MATERIALS PROVIDED Start Marker
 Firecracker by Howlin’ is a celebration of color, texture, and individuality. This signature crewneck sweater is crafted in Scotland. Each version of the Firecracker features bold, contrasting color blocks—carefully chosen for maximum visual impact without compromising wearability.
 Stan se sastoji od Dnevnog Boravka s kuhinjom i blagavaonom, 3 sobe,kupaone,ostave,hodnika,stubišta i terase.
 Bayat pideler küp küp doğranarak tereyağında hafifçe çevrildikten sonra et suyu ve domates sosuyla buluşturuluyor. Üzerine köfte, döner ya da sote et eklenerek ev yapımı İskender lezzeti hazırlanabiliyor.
MATERIALS PROVIDED End Marker
MATERIALS PROVIDED Start Marker
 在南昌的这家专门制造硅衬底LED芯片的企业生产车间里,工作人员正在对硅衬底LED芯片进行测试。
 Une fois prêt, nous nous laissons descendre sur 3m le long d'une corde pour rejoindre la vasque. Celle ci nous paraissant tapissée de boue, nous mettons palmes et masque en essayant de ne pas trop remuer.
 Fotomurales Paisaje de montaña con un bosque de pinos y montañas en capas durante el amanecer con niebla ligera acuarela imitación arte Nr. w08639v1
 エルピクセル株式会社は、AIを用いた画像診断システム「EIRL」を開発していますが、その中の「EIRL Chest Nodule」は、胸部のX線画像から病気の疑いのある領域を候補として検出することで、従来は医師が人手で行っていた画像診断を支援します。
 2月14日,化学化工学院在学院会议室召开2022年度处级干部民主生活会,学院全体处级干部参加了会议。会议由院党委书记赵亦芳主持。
MATERIALS PROVIDED End Marker
MATERIALS PROVIDED Start Marker
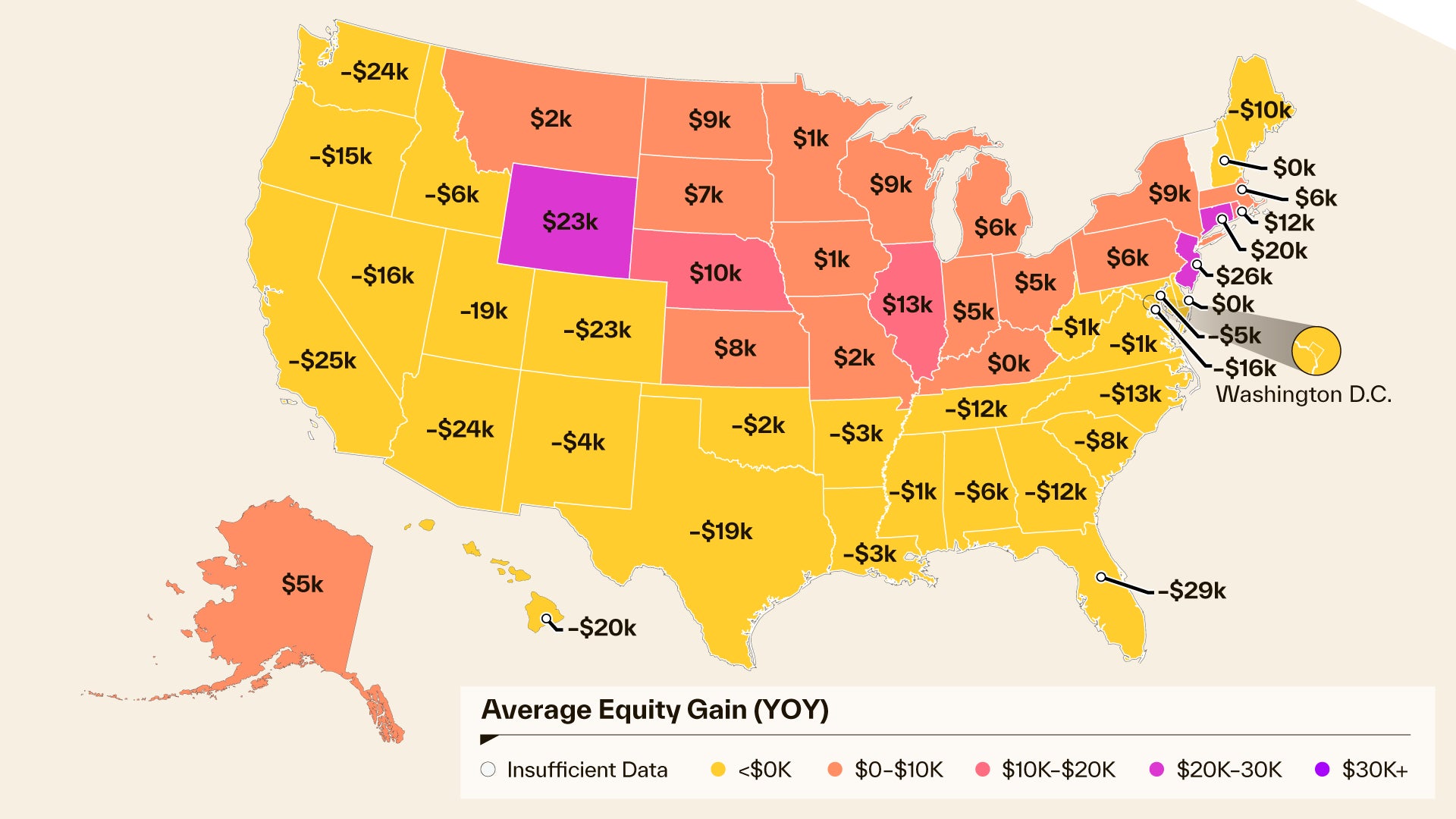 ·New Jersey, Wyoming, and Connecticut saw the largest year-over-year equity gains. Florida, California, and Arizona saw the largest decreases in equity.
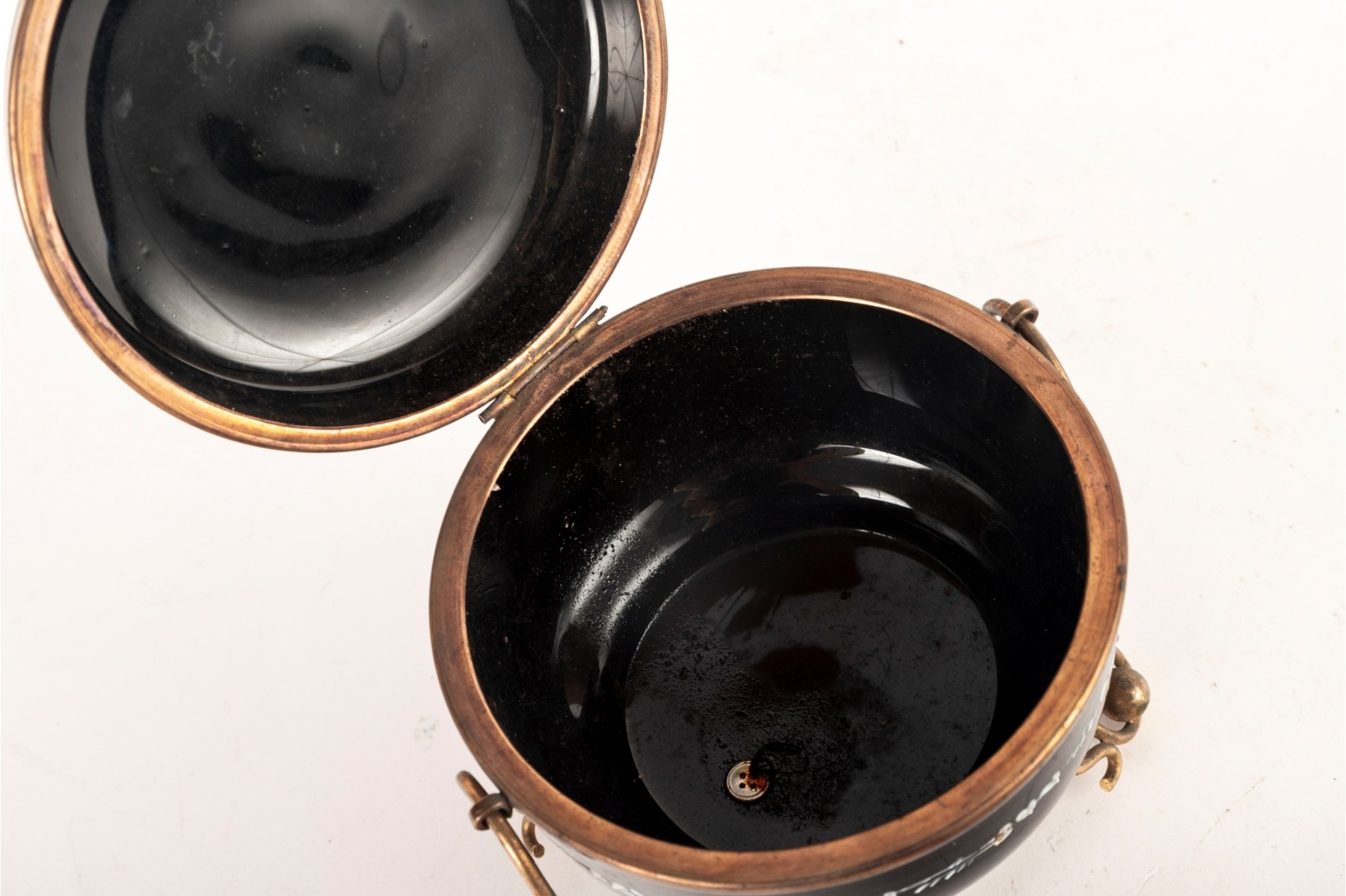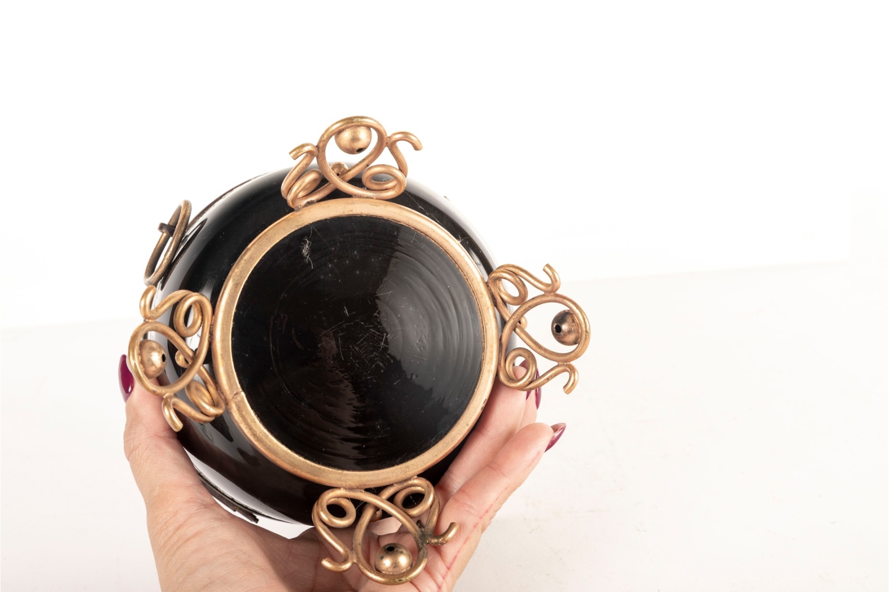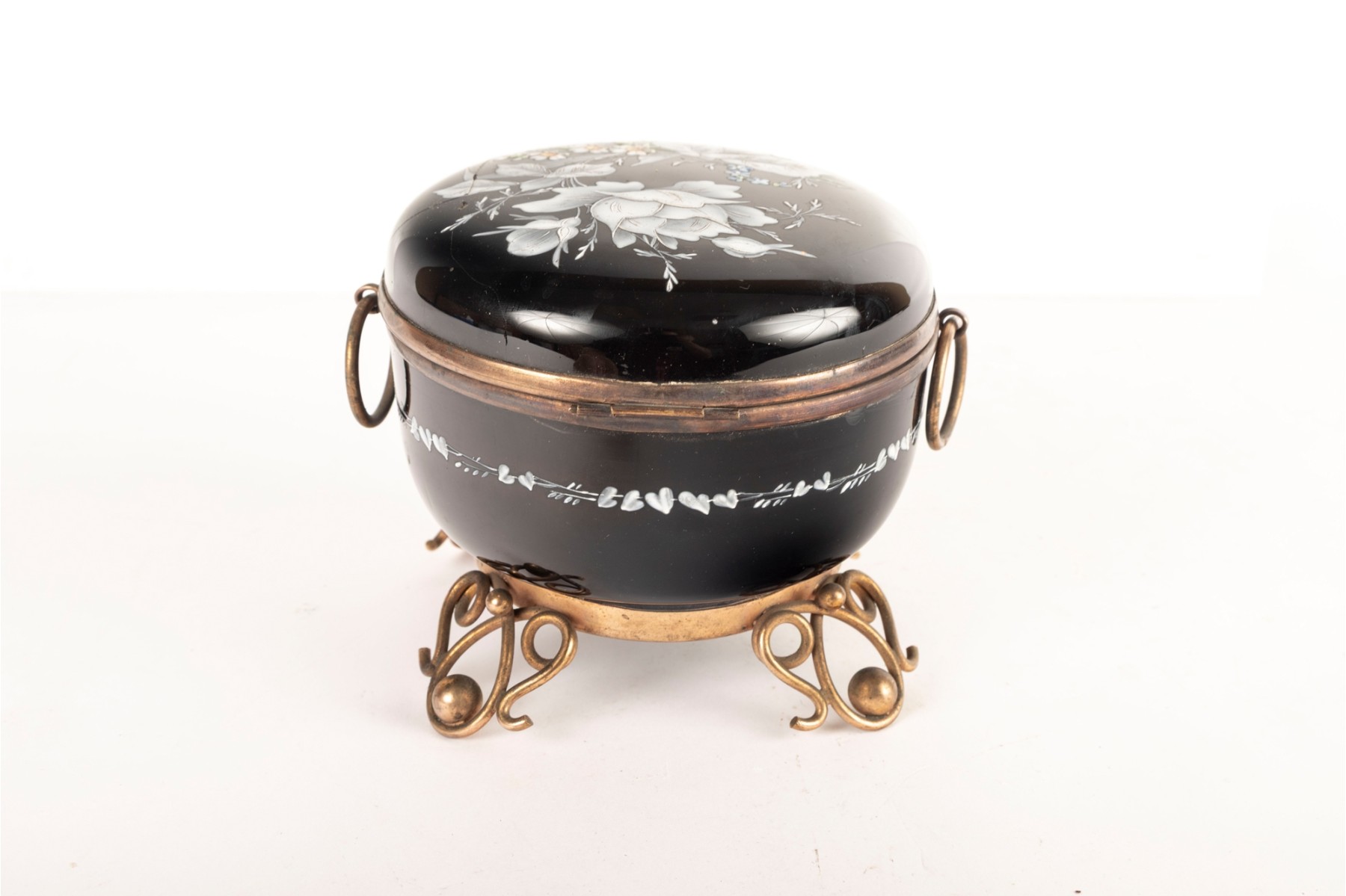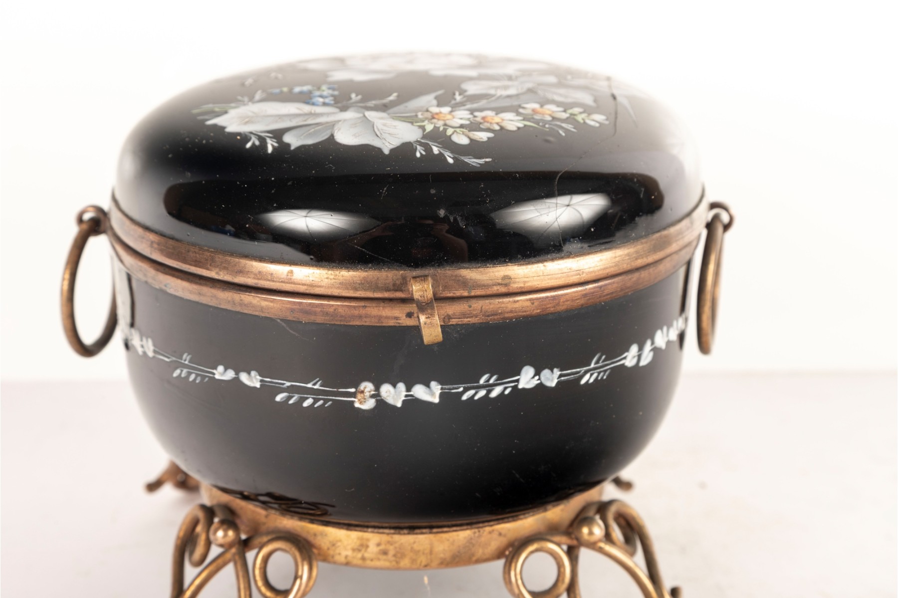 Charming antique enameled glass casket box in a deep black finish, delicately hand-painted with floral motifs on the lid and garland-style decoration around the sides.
MATERIALS PROVIDED End Marker
▸ **WORK INSTRUCTIONS**: A verbatim transcription is needed of the lines above, starting at the line with "Une fois prêt, nous" and ending at the line with "2月14日,化学化工学院在学", both included, and of nothing else.

▸ **SOLUTION**:
 Une fois prêt, nous nous laissons descendre sur 3m le long d'une corde pour rejoindre la vasque. Celle ci nous paraissant tapissée de boue, nous mettons palmes et masque en essayant de ne pas trop remuer.
 Fotomurales Paisaje de montaña con un bosque de pinos y montañas en capas durante el amanecer con niebla ligera acuarela imitación arte Nr. w08639v1
 エルピクセル株式会社は、AIを用いた画像診断システム「EIRL」を開発していますが、その中の「EIRL Chest Nodule」は、胸部のX線画像から病気の疑いのある領域を候補として検出することで、従来は医師が人手で行っていた画像診断を支援します。
 2月14日,化学化工学院在学院会议室召开2022年度处级干部民主生活会,学院全体处级干部参加了会议。会议由院党委书记赵亦芳主持。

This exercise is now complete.